Même lorsque les dessertes existent, ces particularités topographiques excluent le plus souvent le recours à la mécanisation, alors que l'exploitation manuelle présente un rendement faible et des risques élevés.

Lorsque l'exploitation est possible, c'est avec des surcoûts de bûcheronnage ou de débardage importants : si bien que, dans les conditions extrêmes d'exploitation, la valeur nette du bois sur pied peut devenir négative.

b) Une propriété morcelée

Le statut de forêt communale est très répandu dans certains massifs montagneux. Ainsi, dans les Vosges et le Jura, les forêts publiques sous régime communal représentent plus de la moitié des espaces boisés, contre un tiers pour l'ensemble de la France.
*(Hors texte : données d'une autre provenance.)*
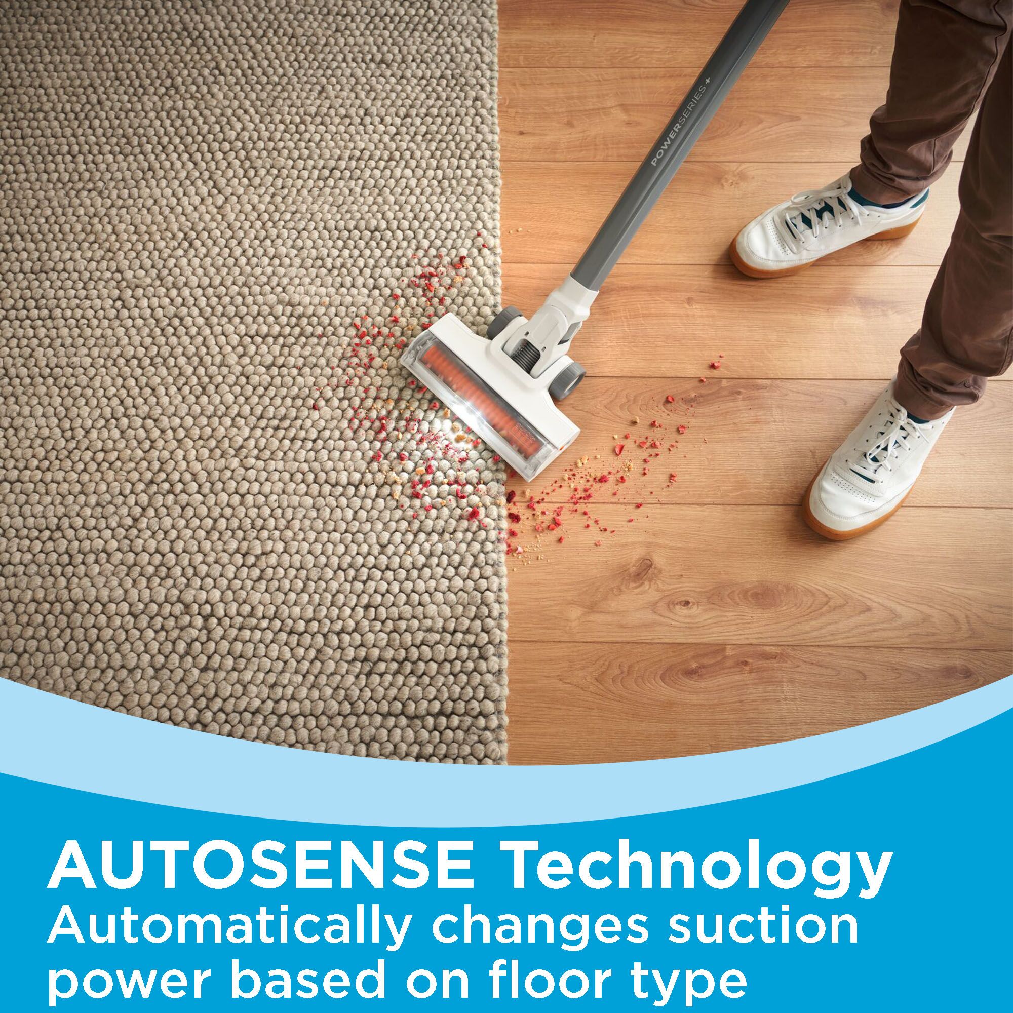 Clean up the big messes and keep your home tidy with the POWERSERIES+™ 20V MAX* Cordless Stick Vacuum. Made for large spills, you can do more cleaning with up to 25% more pickup on carpet* and up to 44 minutes of runtime. Depending on the type of floor, the high-tech POWERSERIES+™ vacuum automatically adapts its suction power with AUTOSENSE™ technology while its cyclonic filtration system helps to keep the filter clean for pro-level performance. Hair, fur, and debris are typically hard to pick up, but the anti-tangle brush bar and integrated LED floorhead lights make vacuuming easy. Use the crevice tool and quickly transform it into a handheld vacuum to clean stairs and furniture, lie it flat to vacuum clean under beds and couches, and store when all work is done with this vacuum’s convenient, self-standing capability.

À l'inverse, les forêts domaniales de l'État sont rares en zones de montagne.

Toutefois, si l'on prend les massifs dans leur globalité, la forêt privée apparaît largement dominante, puisqu'elle représente 71 % de la surface des forêts de montagne.

En montagne plus qu'ailleurs, la division des parcelles lors des héritages successifs, souvent aggravée par l'effacement des bornages, se traduit par un extrême morcellement de cette forêt privée, ce qui est un obstacle majeur à sa gestion active et à son exploitation effective.

c) Une économie de la filière dégradée

Les surcoûts d'exploitation précédemment évoqués, les mutations technologiques que peinent à suivre des scieries dans leur très grande majorité de taille artisanale, la pénurie de main-d'oeuvre, l'enclavement et la longueur des transports, sont autant de causes expliquant la relative faiblesse économique de la filière bois en zone de montagne.